Mission: Impossible – Rogue Nation (2015)

Action and violence in a story (I use movies as my examples) can be fun, humorous, empowering, or spectacular. But I want to talk about action that makes the audience worry about the characters. How can we, as storytellers, maximize the apparent danger to the characters, and maximize the audience’s fear for their safety? Going bigger and louder isn’t the answer. It’s hard to keep track of 30 enemy soldiers, and blowing up the whole world seems abstract. No, for maximum peril, put the threat right in the character’s face and give them time to look at it. Keep it close.

This kind of danger has three axes. I’ll provide examples of the extremes, but remember that they are continuums, not binaries.

  1. Intimacy: How close is the threat to the character?
  2. Vulnerability: If the threat is not neutralized, how badly will it hurt the character?
  3. Speed: Does the audience (and the character) have time to understand the threat?

Intimacy: Far

The whole scene is a joke that the knight is not threatening at such a distance.

A knight charging into battle, far across an open field.
Monty Python and the Holy Grail (1975)

Intimacy: Close

Dodge This! There’s no room to dodge. No space between the threat and the character.

The Matrix (1999)

Intimacy: OVERFLOW

Body horror is especially potent because the threat is already inside, in a place that should be completely safe and under control.

Princess Mononoke (1997)

Vulnerability: Safe

She’s got a metal body and knows a secret martial art. She’d be fine even if she lost this bar fight, which she clearly won’t.

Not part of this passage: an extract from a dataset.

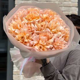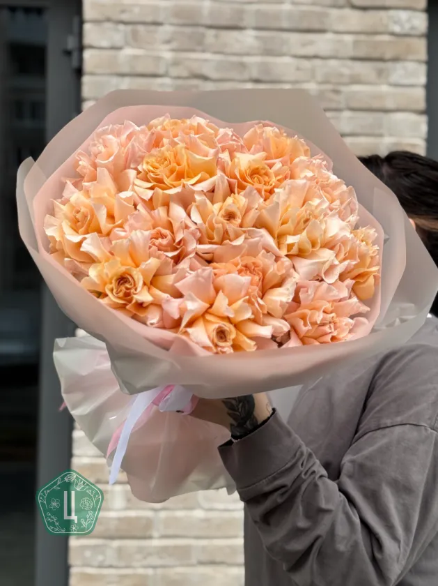 Букет, представленный на изображении, это роскошный и нежный композит из светло-персиковых французских роз, элегантно упакованный в полупрозрачную белую бумагу с легким розовым оттенком. Нежные оттенки цветов создают атмосферу тепла и изящества, делая букет идеальным выбором для выражения любви и признательности.

Alita: Battle Angel (2019)

Vulnerability: Dangerous

A point-blank shotgun blast will kill a normal human.

The Terminator (1984)

Speed: Fast

The opponent’s strikes are so quick that the character can either handle them, or she’s already lost.

Crouching Tiger, Hidden Dragon (2000)

Speed: Slow

This creature isn’t moving, so the crew has time to try various ways to remove it and realize that none of them work.

Alien (1979)

Speed: Too Slow

The soldiers and Jeeps can’t keep up, so the Iron Giant just leaves. If the threat has no effect for a long time, or gives the characters plenty of time to prepare, it’s less threatening.

The Iron Giant (1999)

Combine these three axes to create especially intense moments.

  • Dangerous: Drowning is lethal.
  • Close: She’s gasping for the last inches of air as the water fills the cabin
  • Slow: The water rises slowly, and drowning is a slow death.
The Abyss (1989)

Another way to increase the danger is to use multiple threats. In the Abyss, even if Linds doesn’t drown right now, she’ll soon be vaporized by a nuclear explosion, and if that is prevented, she’ll suffocate later when the damaged rig runs out of oxygen. Too Slow threats now loom large in the distance. The disaster has reserves. Do you? To escape more than one threat, the character must use some or all of the following:

  1. Simultaneous solutions: The character needs to do more things than they have time for. Too Slow threats are now fast enough to be worrisome.
  2. Different solutions: If multiple threats can be neutralized by doing the same thing repeatedly or skilfully, that’s just one big threat.
  3. Opposing solutions: Neutralizing one threat makes another threat worse.

Here’s an example from Jurassic Park, where Lex is about to be:

  1. drowned in mud
  2. crushed by the car
  3. eaten by the dinosaur

The crushed car makes escaping the mud difficult. The mud makes escaping the car difficult. Inside the car is the only shelter from the dinosaur. Truly a terrible situation!

Jurassic Park (1993)

A special shout-out to portals like doors and windows, which give you close and slow for free.

Jurassic Park (1993)

Portals can also be used for irony: showing characters something they want or need, but denying them access.